WHAT THE TASK REQUIRES =>
Nothing but the lines from the one containing "商品名 | ガラスローズプリザーブドフラワーとスイーツギフト |" through the last line of the records below should be copied, exactly and without pictures.

(Data items)
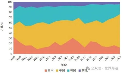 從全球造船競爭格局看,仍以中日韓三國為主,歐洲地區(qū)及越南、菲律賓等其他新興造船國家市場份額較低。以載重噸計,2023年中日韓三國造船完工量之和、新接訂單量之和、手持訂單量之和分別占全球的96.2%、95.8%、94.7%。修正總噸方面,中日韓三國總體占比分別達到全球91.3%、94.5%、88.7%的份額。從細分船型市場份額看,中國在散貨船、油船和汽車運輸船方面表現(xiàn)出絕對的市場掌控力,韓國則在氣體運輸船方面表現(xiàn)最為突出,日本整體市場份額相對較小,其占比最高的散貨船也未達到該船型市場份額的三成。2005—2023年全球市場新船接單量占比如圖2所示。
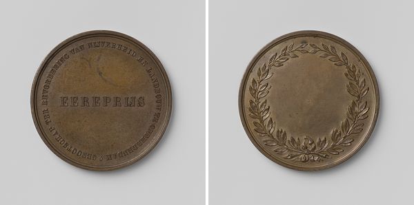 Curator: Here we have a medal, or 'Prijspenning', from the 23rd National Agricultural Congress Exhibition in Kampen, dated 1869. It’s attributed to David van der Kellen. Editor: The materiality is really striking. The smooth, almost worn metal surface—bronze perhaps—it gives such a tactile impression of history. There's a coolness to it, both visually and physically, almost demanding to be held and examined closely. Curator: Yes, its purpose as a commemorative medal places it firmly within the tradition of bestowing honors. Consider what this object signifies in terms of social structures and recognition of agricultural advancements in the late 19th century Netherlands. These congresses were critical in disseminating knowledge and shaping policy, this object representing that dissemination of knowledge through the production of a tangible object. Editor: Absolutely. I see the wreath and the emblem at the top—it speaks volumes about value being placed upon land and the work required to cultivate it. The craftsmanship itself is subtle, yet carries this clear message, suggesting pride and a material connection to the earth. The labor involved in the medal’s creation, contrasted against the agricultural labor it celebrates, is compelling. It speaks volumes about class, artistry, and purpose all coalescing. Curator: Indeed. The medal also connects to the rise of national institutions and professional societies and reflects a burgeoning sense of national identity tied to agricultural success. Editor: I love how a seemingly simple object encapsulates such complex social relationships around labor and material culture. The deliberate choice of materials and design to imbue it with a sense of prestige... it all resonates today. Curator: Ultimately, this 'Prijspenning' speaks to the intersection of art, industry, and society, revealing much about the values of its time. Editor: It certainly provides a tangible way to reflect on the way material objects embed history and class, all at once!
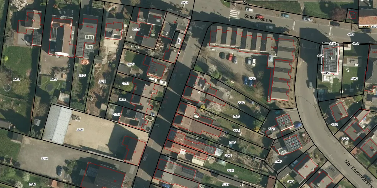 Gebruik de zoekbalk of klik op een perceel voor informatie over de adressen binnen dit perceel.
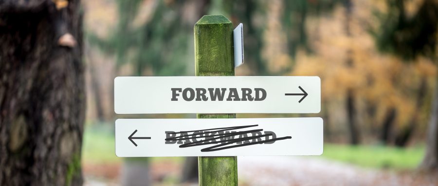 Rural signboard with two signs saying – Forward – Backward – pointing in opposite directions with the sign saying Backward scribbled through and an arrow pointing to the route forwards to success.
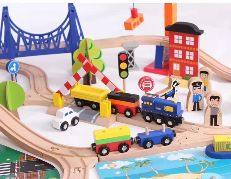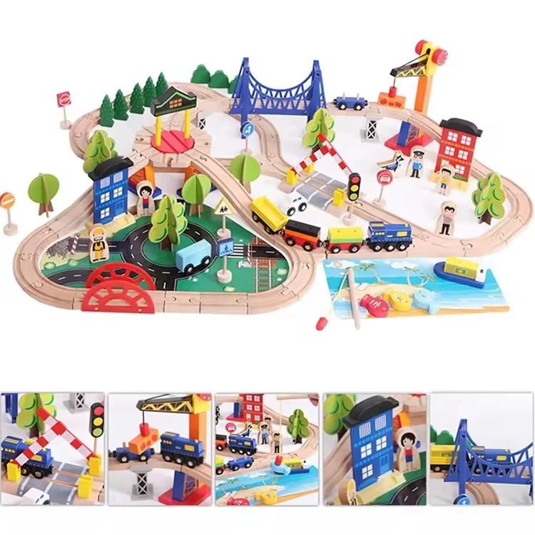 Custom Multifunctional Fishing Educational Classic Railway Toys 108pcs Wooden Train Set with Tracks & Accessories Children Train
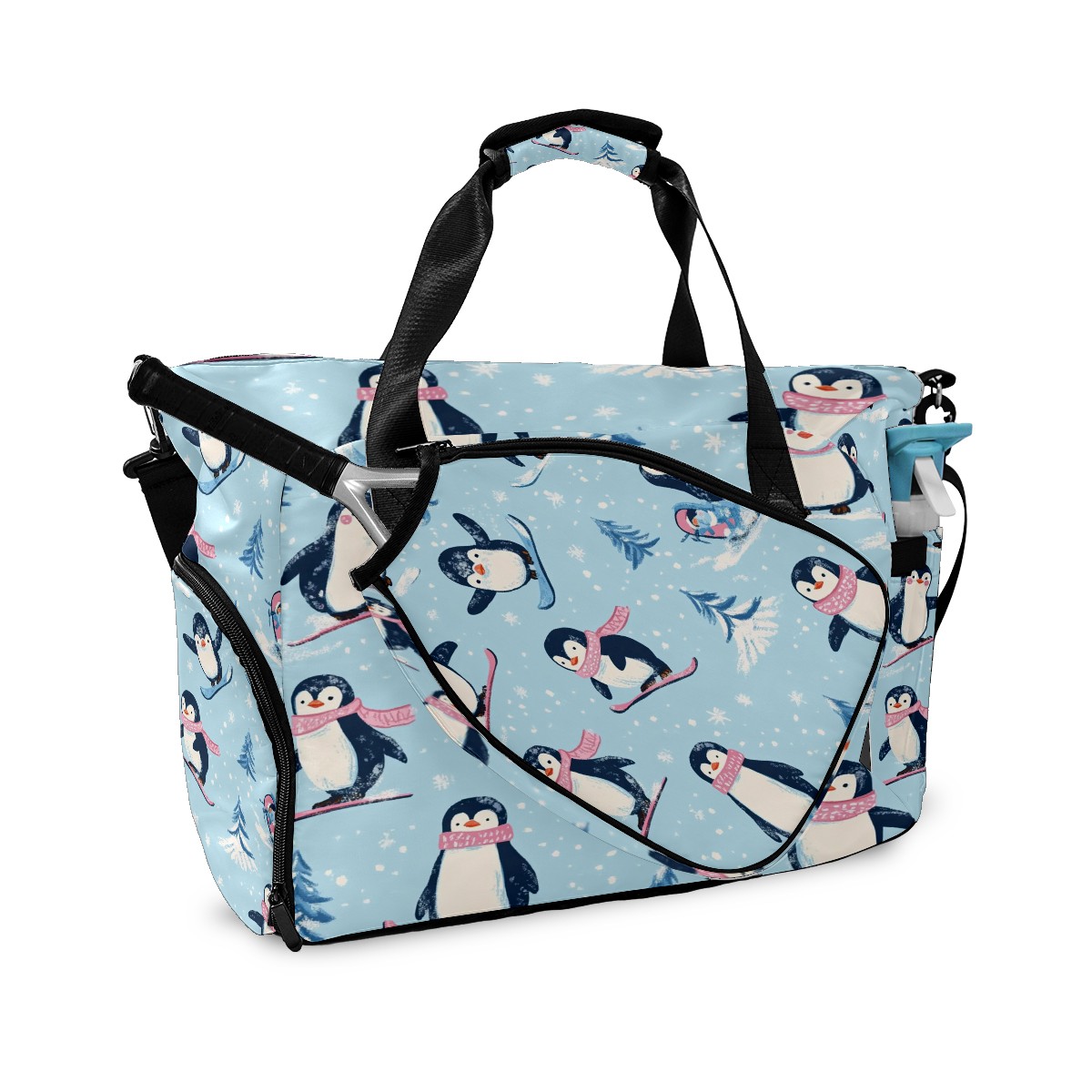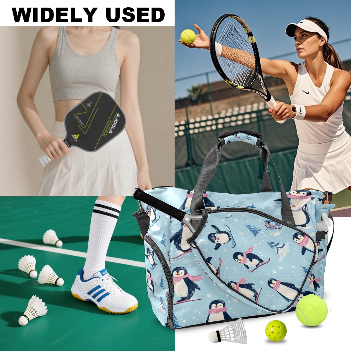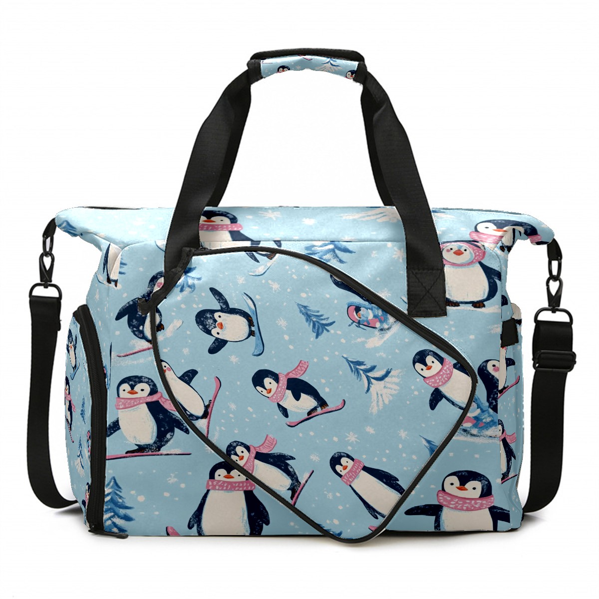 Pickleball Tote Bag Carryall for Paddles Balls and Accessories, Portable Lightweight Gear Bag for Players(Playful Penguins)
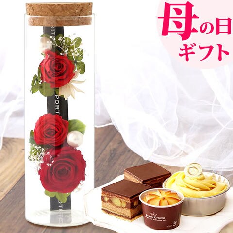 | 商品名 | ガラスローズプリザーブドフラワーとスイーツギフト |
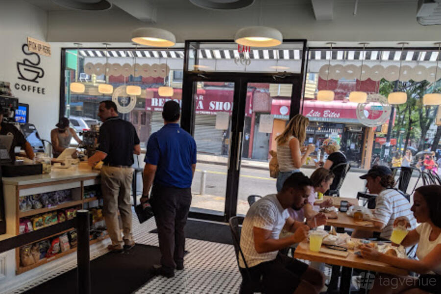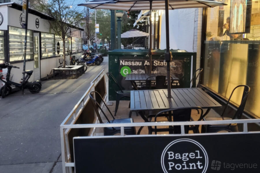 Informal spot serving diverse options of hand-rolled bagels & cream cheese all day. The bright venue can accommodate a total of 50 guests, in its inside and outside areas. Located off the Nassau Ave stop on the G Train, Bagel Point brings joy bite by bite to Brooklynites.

SOLUTION TO THIS EXERCISE =>
 | 商品名 | ガラスローズプリザーブドフラワーとスイーツギフト |
 Informal spot serving diverse options of hand-rolled bagels & cream cheese all day. The bright venue can accommodate a total of 50 guests, in its inside and outside areas. Located off the Nassau Ave stop on the G Train, Bagel Point brings joy bite by bite to Brooklynites.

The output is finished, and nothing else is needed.